Records from a data collection
★ ★ ★ ★ ★

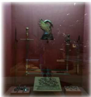
1. Cimera, espada y vainas manto y acicats de Fernando III

El Tesoro Real fue un antecedente de la Real Armería. Entre otras armas custodiaba las espadas G.180, G.22 y G.21, atribuidas al Cid, a Alfonso X y a Fernando III, a quien también pertenecieron el fragmento del manto N.9 y los acicats F.159-F.160. El valor dinástico es manifiesto en la cimera D.11, divisa real de Aragón conocida como Drac Pennat, y en los
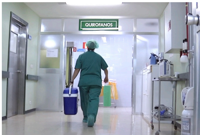
Una enfermera de trasplantes se dirige a los quirófanos

Sin embargo, la buena respuesta del sistema sanitario no parece que vaya a poder evitar que 2020 cierre con un nota-
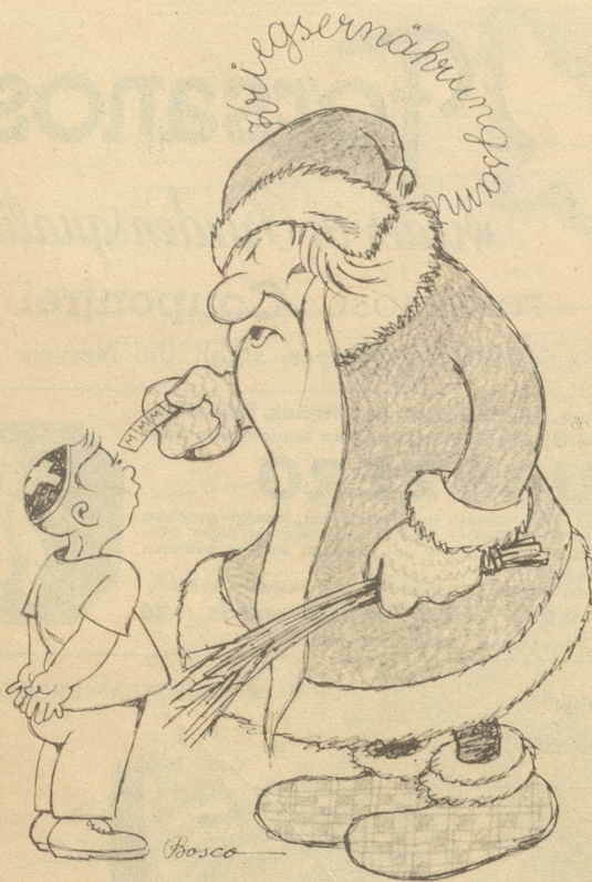
Das Kriegsernährungsamt schenkt uns auf die Festzeit vier Mahlzeitencoupons.

«Lueg was dr de Chlaus bringt! Wie seischt!»
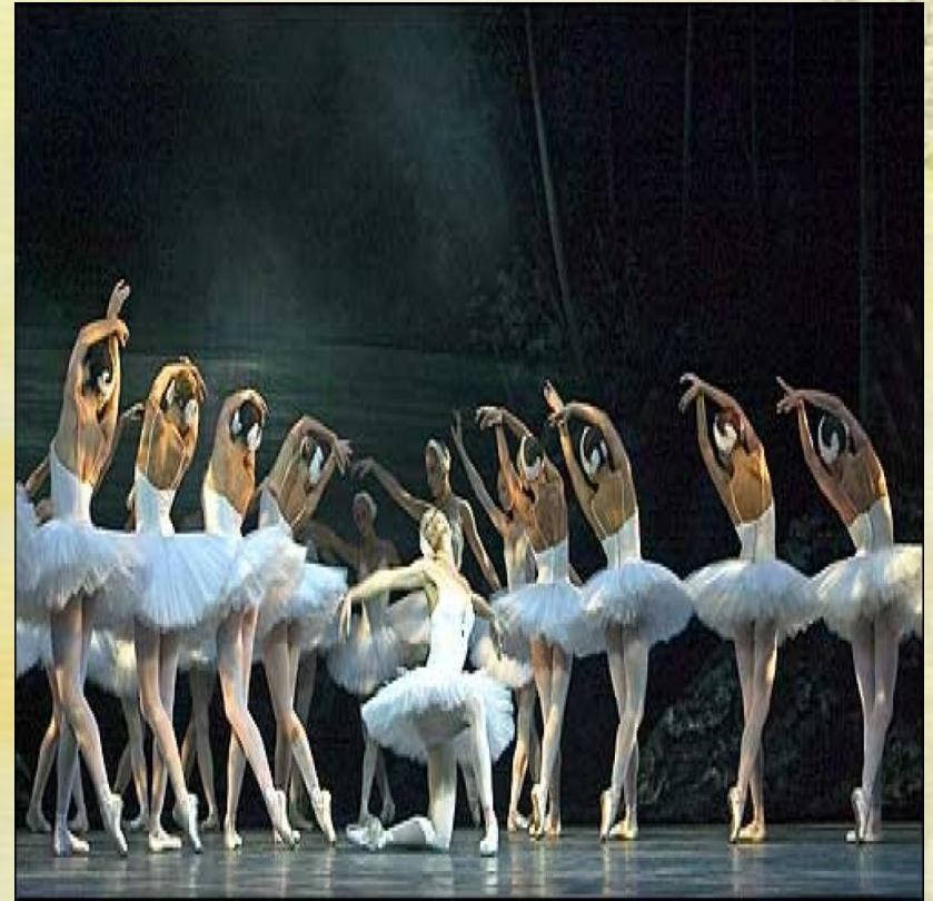
П.И. Чайковский «Лебединое озеро».
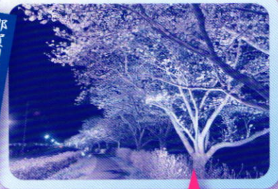
那賀川バイパスライトアップ
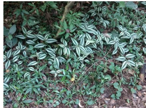
Imagem 10: Tradescantia sp. espécie exótica dentro da Unidade de Conservação.
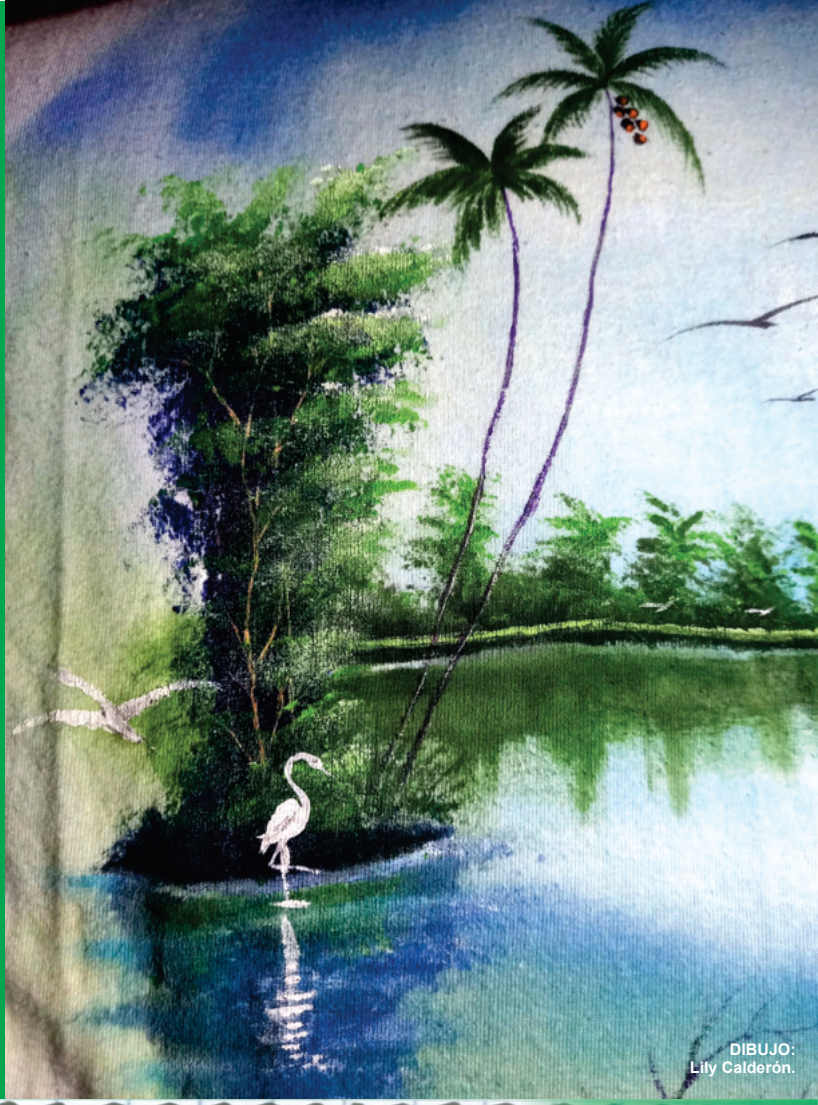
DIBUJO: Lily Calderón.

★ ★ ★ ★ ★

# Your objective:
Copy each line of the records above exactly as written. Do not carry over any picture.

# Completed task:
1. Cimera, espada y vainas manto y acicats de Fernando III

El Tesoro Real fue un antecedente de la Real Armería. Entre otras armas custodiaba las espadas G.180, G.22 y G.21, atribuidas al Cid, a Alfonso X y a Fernando III, a quien también pertenecieron el fragmento del manto N.9 y los acicats F.159-F.160. El valor dinástico es manifiesto en la cimera D.11, divisa real de Aragón conocida como Drac Pennat, y en los
Una enfermera de trasplantes se dirige a los quirófanos

Sin embargo, la buena respuesta del sistema sanitario no parece que vaya a poder evitar que 2020 cierre con un nota-
Das Kriegsernährungsamt schenkt uns auf die Festzeit vier Mahlzeitencoupons.

«Lueg was dr de Chlaus bringt! Wie seischt!»
П.И. Чайковский «Лебединое озеро».
那賀川バイパスライトアップ
Imagem 10: Tradescantia sp. espécie exótica dentro da Unidade de Conservação.
DIBUJO: Lily Calderón.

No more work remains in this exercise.